Während Sie Ihre Zeit darauf verwendet haben, Ihren Protest zu formulieren, haben wir versucht, die Dinge etwas genauer zu ergründen und deutlich zu machen – damit ist im Grunde genommen schon alles gesagt –, dass wir vonseiten der bayerischen SPD – dazu gehören nicht nur die Kolleginnen und Kollegen aus der Landtagsfraktion, sondern, wie ich inzwischen wohl sagen kann, auch die Kollegen aus der Bundestagsfraktion – diese Absicht der Bundesregierung missbilligen und alles tun werden, dass das nicht eintreten wird, meine Damen und Herren.

(Beifall bei der SPD und bei Abgeordneten der CSU)

Wir werden sehen, Herr Kollege Sackmann, was am Ende dabei herauskommen wird.
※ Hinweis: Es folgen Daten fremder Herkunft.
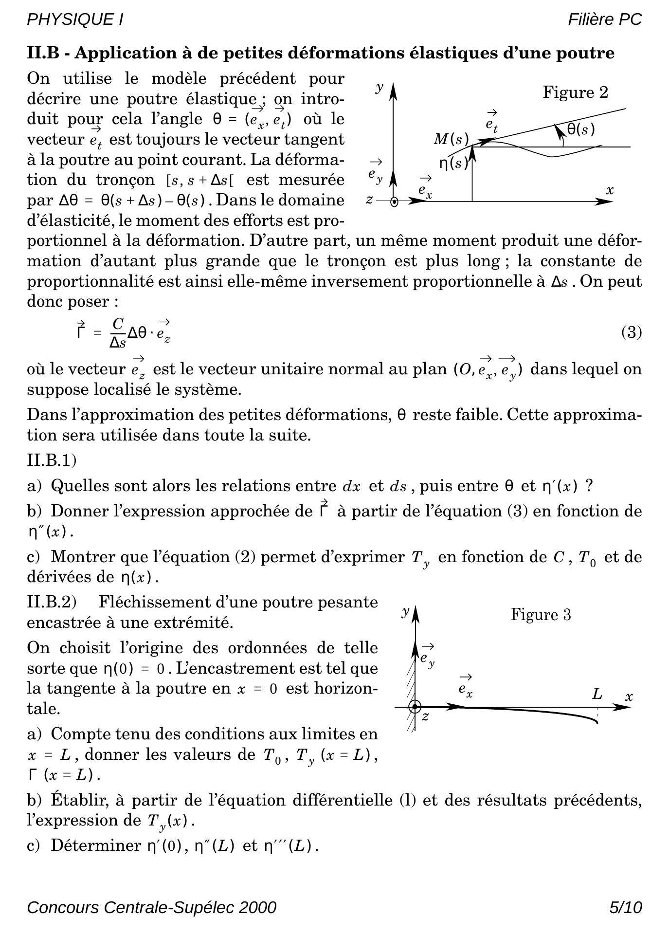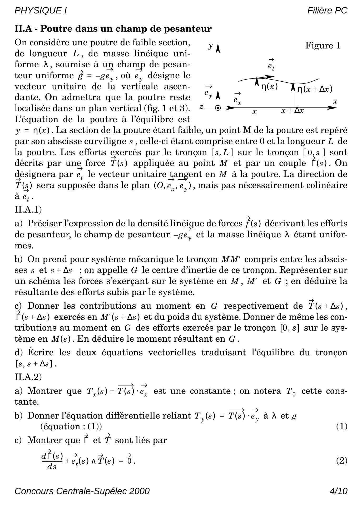 On considère une poutre de faible section, de longueur , de masse linéique uniforme , soumise à un champ de pesanteur uniforme , où désigne le vecteur unitaire de la verticale ascendante. On admettra que la poutre reste localisée dans un plan vertical (fig. 1 et 3 ). L'équation de la poutre à l'équilibre est . La section de la poutre étant faible, un point de la poutre est repéré par son abscisse curviligne , celle-ci étant comprise entre 0 et la longueur de la poutre. Les efforts exercés par le tronçon [ ] sur le tronçon [ ] sont décrits par une force appliquée au point et par un couple . On désignera par le vecteur unitaire tangent en à la poutre. La direction de sera supposée dans le plan ( ), mais pas nécessairement colinéaire à .
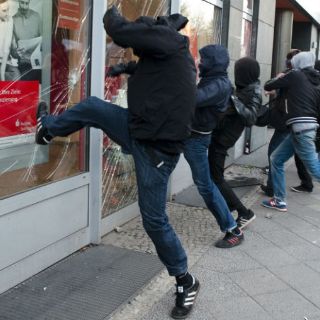 En la protesta revolucionaria de la capital, los participantes lanzaron botellas contra los vehículos policiales, dañaron varios coches y rompieron los cristales de una sucursal bancaria, en línea con lo sucedido en los últimos años.

In einem haben Sie Recht: Wenn es nicht stattfindet, dann waren es tatsächlich wir, die das verursacht haben. Aber unsere Heimat ist es auch wert, sich einzusetzen.

Trotzdem sollte das Thema etwas ruhiger und umfassender angegangen werden. Das Thema lautet nämlich nur am Rande „GA“. Im Grunde lautet es: Wohin gehen wir mit der Regionalförderung und der Wirtschaftsförderung insgesamt, und was ist zu tun, um das wachsende Gefälle innerhalb Bayerns durch geeignete Fördermaßnahmen abbauen zu helfen?

Lassen Sie mich dazu ein bisschen in die Historie zurückgehen. Der Planungsausschuss – das ist der

Bund-Länder-Ausschuss, der die Gemeinschaftsaufgabe betreut – hält ja laufend Sitzungen ab. Mein Hauptargument gegenüber der Bundesregierung war: Der Ausschuss hat in diesem Jahr am 24. April in seiner 56. Sitzung darüber debattiert, ob im Zuge der namentlich von Herrn Stoiber und Herrn Clement – was den Letzteren betrifft, so geht es um die Zeit, als er noch Ministerpräsident war – angezettelten Diskussion über die Verringerung von Bund-Länder-Aufgaben insgesamt und damit der Verringerung oder gänzlichen Abschaffung der Mischfinanzierung angesichts der Meinungsäußerungen der beiden Ministerpräsidenten der zwei wichtigsten Länder in Deutschland nicht auch im Rahmen der Gemeinschaftsaufgabe Konsequenzen gezogen werden müssten.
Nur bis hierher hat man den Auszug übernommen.